En el “renacimiento maradoniano” anida el germen de la soberbia nacional. En un paralelismo entre la crisis del 2001 y la primera fase del Mundial uno podría decir que los argentinos no sabemos cómo ni por qué pero tenemos el pensamiento mágico de que siempre resucitamos. Y lo cierto es que mágicamente resucitamos. Lo mismo ocurre con Diego. Y la magia-veneno de estar “condenados al éxito” funciona por afuera de la racionalidad, de la institucionalidad como fuente de verdad.
Hoy asistimos al “mejor” Maradona: trajeado, circunspecto, sonriente, pícaro, cómplice, heroico, generoso en los buenos momentos. Hoy asistimos al Maradona aceptado, a la leyenda blanca querido por las chicas de San Isidro que se ponen la camiseta oficial de la Selección, por los ejecutivos que festejan pero miran recelosos esperando que vuelva a caer, por las tías paquetas que toman el té en Las Violetas. Pero hay otro Diego, ese incontenible: gordo, negro, despeinado, vencido, ampuloso, fanfarrón, bestial consigo mismo y con los demás. Barbárico. Y, paradójicamente, ese es el “Diego de la gente”, el del país de los negros, de los gordos, de los despeinados, los vencidos, los bárbaros. Nadie se asusta en la Argentina de que alguien “lo mande hacer un pet”; resulta simpático, “ivertido”, trasgresor, en boca –perdón la obviedad- de pongamos Iván de Pineda. El problema es cuando un tipo de la villa de Fiorito, un “drogón”, “un negro de alma”, con los tatuajes del Che y de Fidel en el cuerpo, manda a “que la sigan chupando” a la sección civilizada de este país.
Maradona no divide al país en términos político-partidarios –aún cuando, como escribió Pablo Llonto, sirva como detector de gorilas del siglo XXI-. Lo quiebra en términos existenciales.
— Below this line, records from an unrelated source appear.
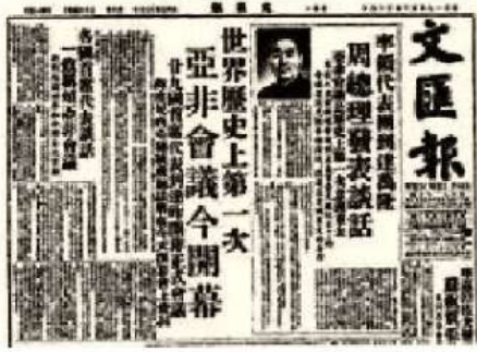
图 1:《文汇报》关于周恩来率团参加万隆会议的报道
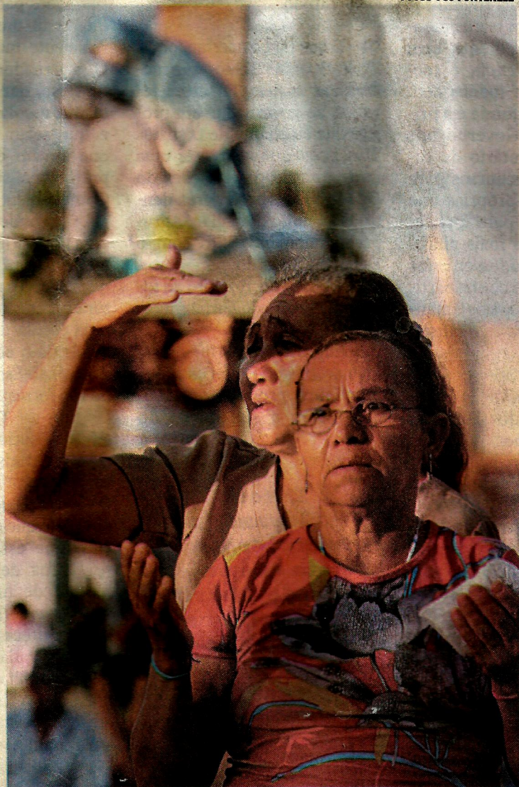
Devotos de padre Cícero e da Mãe das Dores se reúnem em Juazeiro
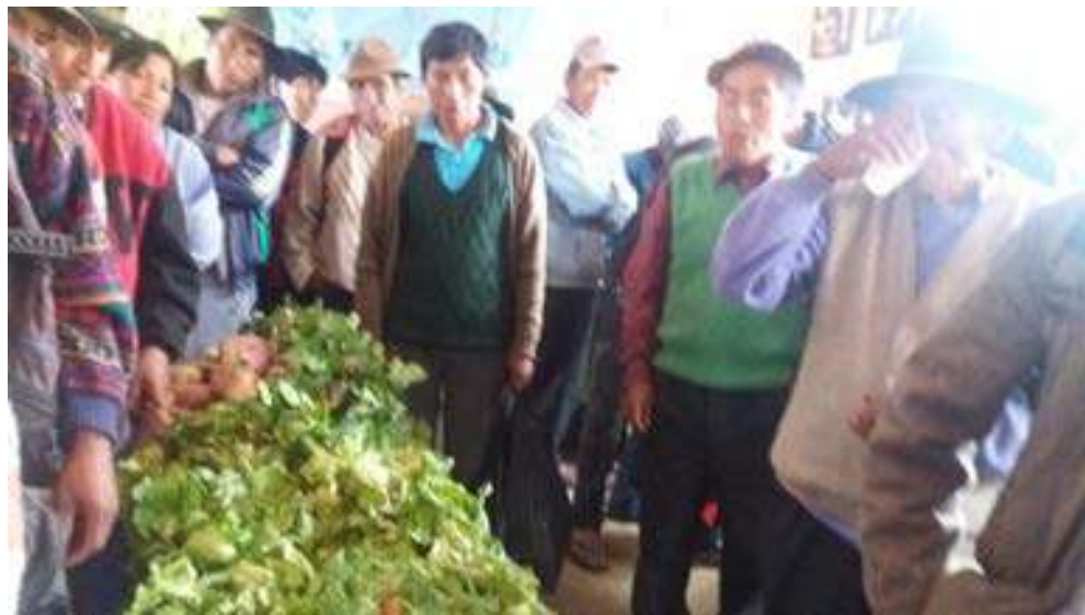
FOTO N° 14: LA COMUNIDAD EDUCATIVA VALORANDO LOS PRODUCTOS DEL PSP
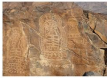
เมืองชิลาส

** พักที่ Shangrila Chilas Hotel หรือเทียบเท่า **
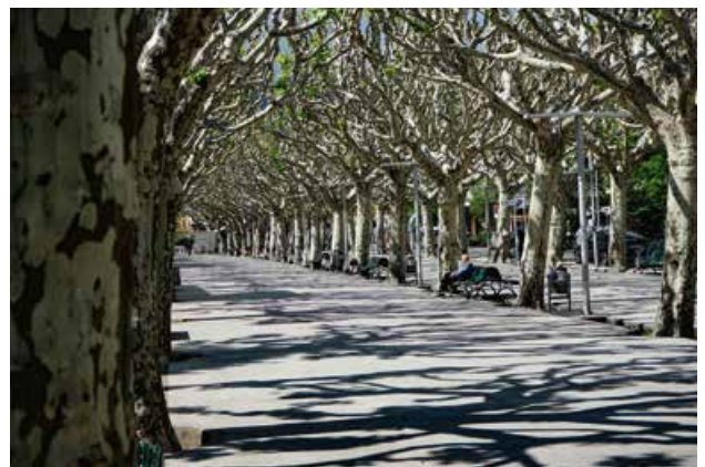
Die Rambla in La Seu d'Urgell.
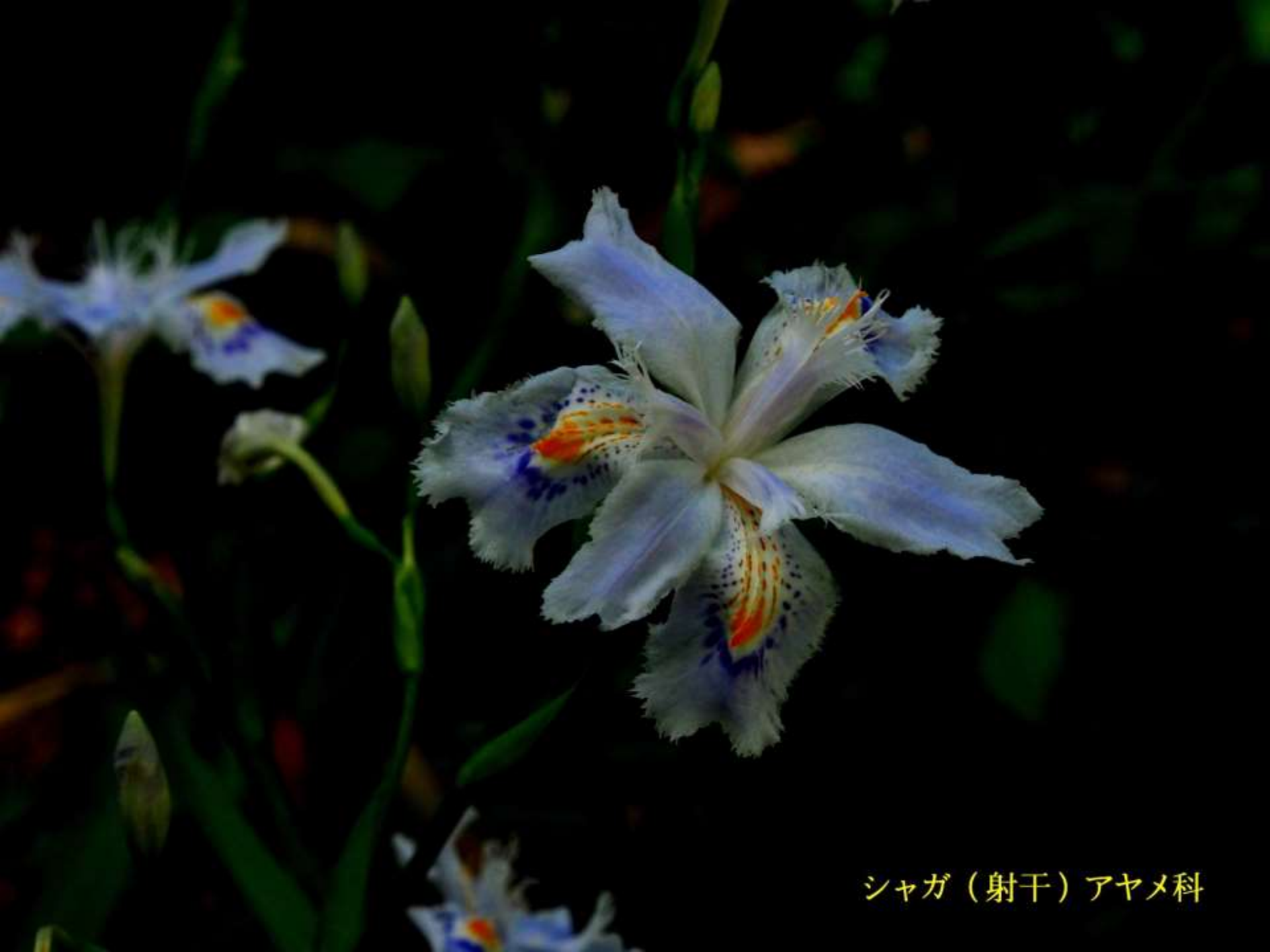
シャガ（射干）アヤメ科

Es lo barbárico como “vitalidad irredenta” –en palabras del olvidado filósofo Rodolfo Kusch- contra el poder, lo poderoso, ya sea el Menemismo, Estados Unidos, Bernardo Neustadt, la FIFA, Pelé, Clarín, o el periodista-motoquero Toti Pasman.
¿Es esta una columna política? ¿Qué consecuencias políticas puede tener que la Selección Maradoniana gane el Mundial? Muy pocas. Raúl Alfonsín perdió las elecciones del 87, un año después de México. Significa para la mayoría de los argentinos, apenas, la posibilidad de “robarle la gorra al diablo” un rato (Carlos Indio Solari, otro barbárico). Nada más y nada menos. Una redención mitológica. Y es posible que en los mitos, los pueblos vivan irredentos.